The reason why around one-third of individuals with this epilepsy syndrome still present seizures after surgical treatment has been a matter of debate⁶. Among other factors, it has been suggested that different patterns of neuronal cell loss within hippocampal subfields may be implicated in surgical results^6,7.

The aim of this study was to analyze retrospectively a series of 66 patients with TLE and MTS, as well as investigate the association of clinical data, patterns of HS and surgical prognosis.

METHODS

Subjects

Sixty-six consecutive patients, 33 men (50.0%), mean age 37±11.41 years, with medically refractory TLE with unilateral MTS on MRI, 36 (54.5%) with right- and 30 (45.5%) with left-hippocampal resections, were included in this study. Diagnosis was established according to previously reported clinical and electrographic characteristics². Patients who did not achieve seizure control despite of adequate use of at least two first-line antiepileptic drugs (AEDs), in mono or polytherapy, and up to toxic levels, were qualified as medically refractory. The study was approved by the Ethics Committee of our institution (CEP 2009/10) and informed consent was given from all patients.

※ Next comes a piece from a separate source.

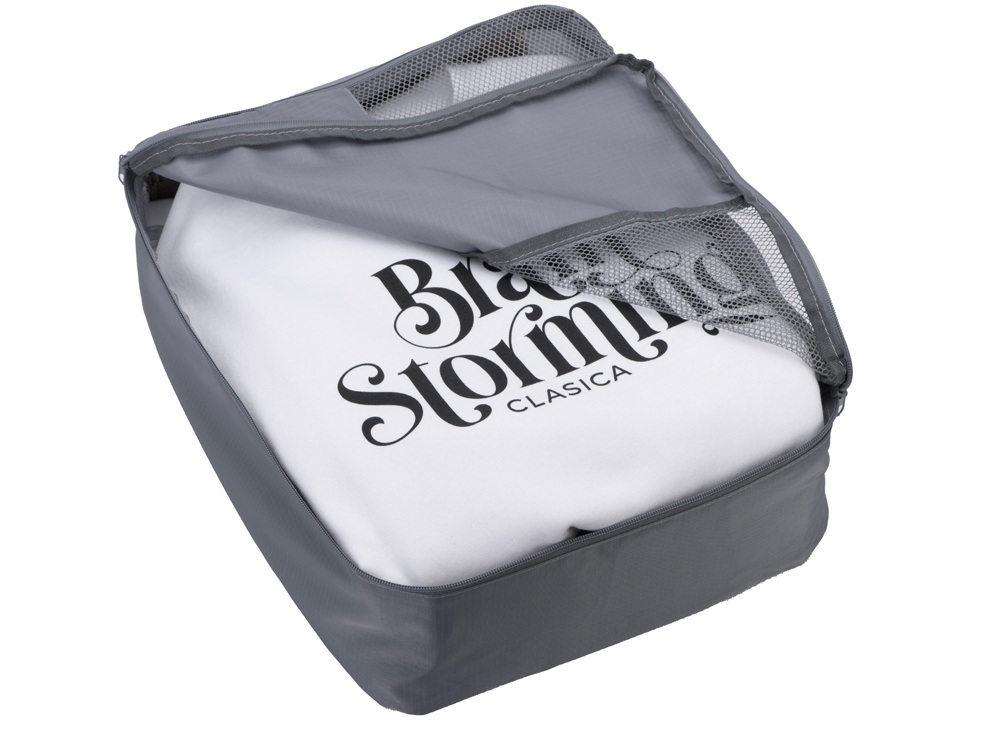 - сетчатая вставка позволит увидеть содержимое, а удобная ручка - вытащить органайзер из чемодана или ручной клади

Clinical features were retrospectively recorded according to a specific protocol developed for this study. Presence and age of initial precipitant insult (IPI) defined by Mathern et al.⁸, age at onset of habitual seizures, defined as the age at which habitual and recurrent seizures developed, as well as duration of epilepsy, were registered. The duration of epilepsy was defined as the interval between the age at onset of habitual seizures and the time of surgery. Average frequency of preoperative complex partial seizure per month and the mean number of generalized tonic-clonic seizures (GTCS) throughout lives, classified in > or <20, were also registered.

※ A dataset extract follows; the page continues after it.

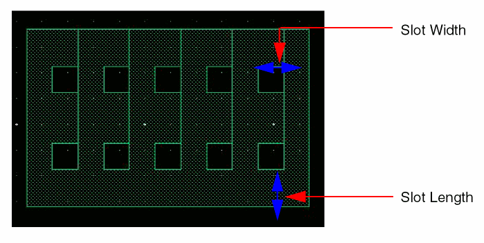 Width/Length: Enables you to specify the width and length parameters for a slot. The area of the slot is automatically calculated.

All patients had extensive presurgical evaluation including high-resolution 1.5T MRI (Siemens Somaton or Phillips Gyroscan equipment), prolonged non-invasive video-EEG recording and neuropsychological testing. All patients had clear MRI findings consistent with unilateral MTS, defined as variable degrees of HS (atrophy, increased T2 and decreased T1-weighted signal, and disrupted internal structure of the hippocampus), atrophy and signal alteration of amygdala and temporal pole on visual inspection of MRI pictures. Patients with unilateral MTS associated with additional abnormalities besides brain atrophy detected by visual inspection were excluded.

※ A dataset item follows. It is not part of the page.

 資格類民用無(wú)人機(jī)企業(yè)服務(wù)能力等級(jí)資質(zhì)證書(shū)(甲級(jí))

Prolonged non-invasive video-EEG monitoring was performed on a 32-channel digital equipment (Biologic^® and Ceegraph^® software). Electrodes were placed according to the 1020 International System, plus intermediary temporal and sphenoidal electrodes. In order to record ictal events, AEDs were tapered off or completely withdrew at physician's discretion. The frequency and location of interictal epileptiform discharges were visually assessed on 5-minute EEG samples per hour, 24 hours per day, and ictal EEG recordings were also analyzed.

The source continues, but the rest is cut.